The efficacy and safety of Combivir® have not been established in patients with severe concomitant liver disease.
Patients with concomitant chronic hepatitis B or C receiving combination antiretroviral therapy have an increased risk of developing severe and potentially lethal adverse reactions from the liver.In the case of concomitant antiviral therapy for hepatitis B or C, you should also read the relevant instructions for the use of these medications.
When discontinuing the use of Combivir® in patients with co-infection with hepatitis B virus, periodic monitoring of liver function and hepatitis B replication markers is recommended for 4 months, as stopping lamivudine may exacerbate hepatitis.
In patients with an existing impairment of liver function, including active chronic hepatitis, there is an increase in the incidence of liver dysfunction during combined antiretroviral therapy. Such patients should be monitored in accordance with standard clinical practice. It is necessary to consider the possibility of suspending or stopping treatment in cases of manifestations of worsening liver disease in such patients.
Concomitant viral hepatitis C
It is not recommended simultaneous use of zidovudine and ribavirin because of the increased risk of anemia.

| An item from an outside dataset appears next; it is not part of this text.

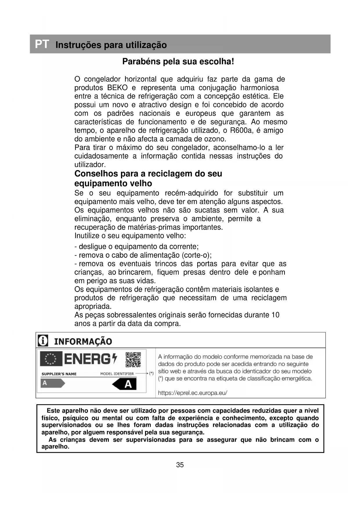 PT Instruções para utilização Este aparelho não deve ser utilizado por pessoas com capacidades reduzidas quer a nivel físico, psíquico ou mental ou com falta de experiência e conhecimento, excepto quando supervisionados ou se lhes foram dadas instruções relacionadas com a utilização do aparelho, por alguem responsável pela sua segurança. As crianças devem ser supervisionadas para se assegurar que não brincam com o aparelho.Avisos e conselhos gerais Não ligue o equipamento se notou alguma avaria. As reparações devem ser feitas apenas por pessoal qualificado. Nas seguintes situações, por favor, desligue o equipamento da tomada: - quando descongelar completamente o equipamento; - quando limpar o equipamento. Para desligar o equipamento, puxe pela ficha e não pelo cabo! Assegure o espaço mínimo entre o equipamento e a parede contra a qual ele está colocado. Não suba em cima do equipamento. Não permita que as crianças brinquem ou entrem dentro do equipamento. Nunca utilize aparelhos eléctricos dentro do congelador para a descongelação. Não use o equipamento próximo de aparelhos de aquecimento, fogões ou outras fontes de calor e fogo. Não deixe a porta do congelador aberta por mais tempo que o necessário quando for colocar ou tirar alimentos. Não deixe alimentos dentro do equipamento se ele não estiver a funcionar. Não coloque dentro dele produtos que contenham gases inflamáveis ou explosivos. Não coloque no congelador bebidas gaseificadas (sumo, água com gás, champanhe, etc.) a garrafa pode explodir! Não congele bebidas em garrafas plásticas. Não consuma cubos de gelo ou gelados imediatamente após tê-los retirado do congelador, porque podem causar "queimaduras de frio”. Nunca toque nas partes metálicas frias ou nos alimentos congelados com as mãos molhadas; as suas mãos podem congelar-se rapidamente nas superfícies muito frias. Para a protecção do equipamento durante o armazenamento e o transporte, o mesmo é fornecido com espaçadores entre a porta e o compartimento (no lado frontal e posterior). Esses espaçadores deverão ser removidos antes de ligar o equipamento. Reciclagem da Embalagem AVISO! Não permita que as crianças brinquem com a embalagem nem com partes dela. Há risco de asfixia com as partes de cartão ondulado e de película plástica. Para chegar até si em boas condições, o equipamento foi protegido com uma embalagem adequada. Todos os materiais da embalagem são compatíveis com o meio ambiente e recicláveis. Por favor, ajude-nos a reciclar a embalagem para a protecção do meio ambiente! IMPORTANTE! Antes de colocar o equipamento a funcionar, leia total e cuidadosamente estas instruções. Elas contêm informações importantes referentes à instalação, utilização e manutenção do equipamento. O fabricante está isento de qualquer responsabilidade se as informações contidas nesse documento não forem observadas. Guarde as instruções num local seguro e de fácil acesso para o caso de necessitar delas. Elas também podem ser úteis para o próximo utilizador, se houver. ATENÇÃO! Este equipamento só deve ser utilizado para o fim a que se destina (uso doméstico), em locais apropriadas, longe da chuva, humidade ou outras condições climáticas. Instruções de transporte O equipamento deve ser transportado, tanto quanto possível, apenas na posição vertical. A embalagem deve estar em perfeitas condições durante o transporte. Se durante o transporte o equipamento for colocado na posição horizontal (apenas de acordo com as marcas na embalagem), é aconselhável que, antes de ser posto a funcionar, seja deixado em repouso por 4 horas para permitir a estabilização do circuito de refrigeração. A não observância dessas instruções pode causar a avaria do motor compressor e a anulação da sua garantia.
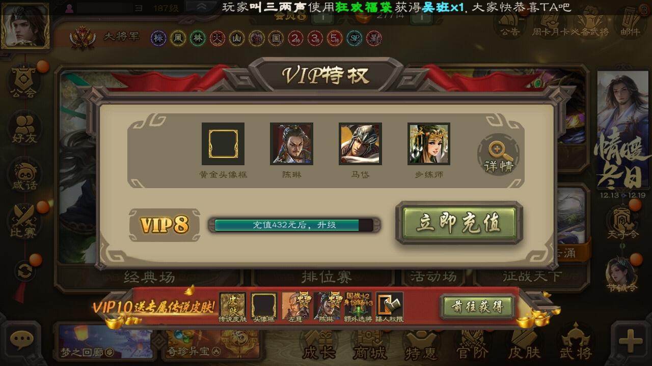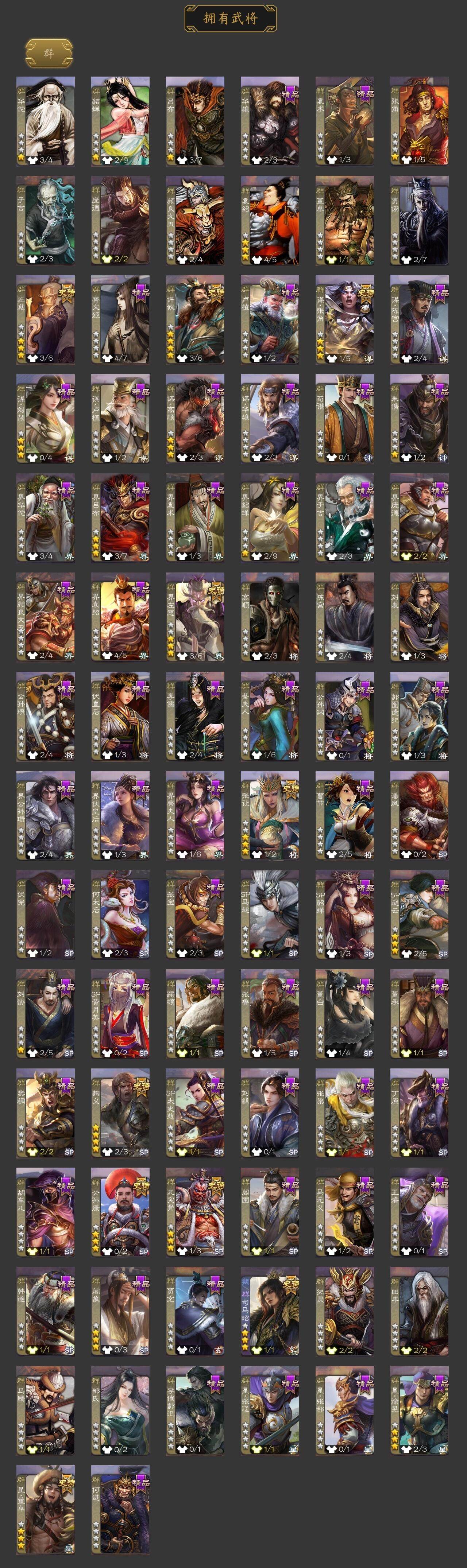 [15171735]【696】官阶:大将军;vip等级:vip8;史诗武将数量:35;动态皮肤数量:44;武将总数:352;史诗宝珠数量:5;将魂数量:6802;神将:5;魏国史诗武将:34;蜀国史诗武将:9;吴国史诗武将:4;群史诗武将:9 神吕布神赵云神孙策神吕蒙神周瑜星周不疑文鸯魏-司马昭界钟会界曹真郝昭曹纯戏志才清河公主谋赵云谋马超诸葛瞻王平沙摩柯谯周界黄忠花鬘董允周处留赞界朱然界徐盛左慈张让麹义界左慈公孙康谋张角阎象许攸星董卓神孙策-霸王再世动态神刘备-龙兴海内神关羽-佑子伐吴神周瑜-陵光引灵动态神赵云-神龙天降星周不疑-才广志宏动态钟会-龙年端午(动态)钟繇-安民护祚(动态)曹丕-气荡山河(动态)星周不疑-龙年清明动态甄姬-明珠耀躯(动态)曹丕-龙年中秋动态sp蔡文姬-兔年冬日动态荀彧-驱虎吞狼动态邓艾-神兵天降动态界邓艾-神兵天降动态钟会-谋谟之勋动态界钟会-谋谟之勋动态曹纯-虎年春节动态王元姬-鼠年冬至动态司马昭-昭威淮南(动态)星徐晃-斧引霹雳动态清河公主-魅影萦心动态刘备-龙御天下动态马超-牛年春节动态诸葛瞻-绵竹之殇动态关银屏-兔年春节动态李丰-太仓聚粟动态卧龙诸葛-火烧博望动态周处-义除三害动态吕蒙-剑起惊澜动态黄盖-兔年端午动态孙权-永开吴祚动态孙策-虎踞江东动态孙权-牛年七夕动态孙尚香-兔年春节动态界孙权-牛年七夕动态凌统-长风破浪动态徐盛-破军杀将动态界凌统-长风破浪动态许攸-火烧乌巢动态袁绍-声震寰宇动态左慈-道法显威(动态)麹义-扬刀立威动态吕布-虓虎之勇动态袁绍-一往无前动态界吕布-虓虎之勇动态界袁绍-一往无前动态李儒-鸠杀少帝动态张鲁-虎年冬至动态sp赵云-威名尽显动态左慈-蛇年限定动态

Mitochondrial dysfunction due to intrauterine exposure
Analogues of nucleosides and nucleotides are able to influence the mitochondrial function to a varying degree, which is most clearly manifested when stavudine, didanosine and zidovudine are used; mainly this refers to treatment regimens including zidovudine. The main undesirable reactions were hematologic disorders (anemia, neutropenia) and metabolic disorders (hyperlactatemia, hyperlipazemia). These undesirable reactions, as a rule, were transient. Rare neurological disorders with late onset are recorded (hypertension, convulsions, behavioral disorders). Whether these neurological disorders are transient or permanent, is currently unknown. The probability of mitochondrial dysfunction should be considered in any child exposed to intrauterine exposure to nucleoside and nucleotide analogues, with marked clinical symptoms of unclear etiology, in particular neurological disorders. The presented data do not influence the current national recommendations on the use of antiretroviral therapy in pregnant women for the prevention of vertical transmission of HIV infection.
Osteonecrosis
Despite the fact that the etiology of this disease is multifactorial (including the use of corticosteroids, alcohol consumption, severe immunosuppression, higher body mass index), cases of osteonecrosis of the most frequently observed in patients with advanced HIV infection and / or long-receiving combination antiretroviral therapy. Patients should consult a doctor if they experience pain and joint stiffness or difficulty in moving.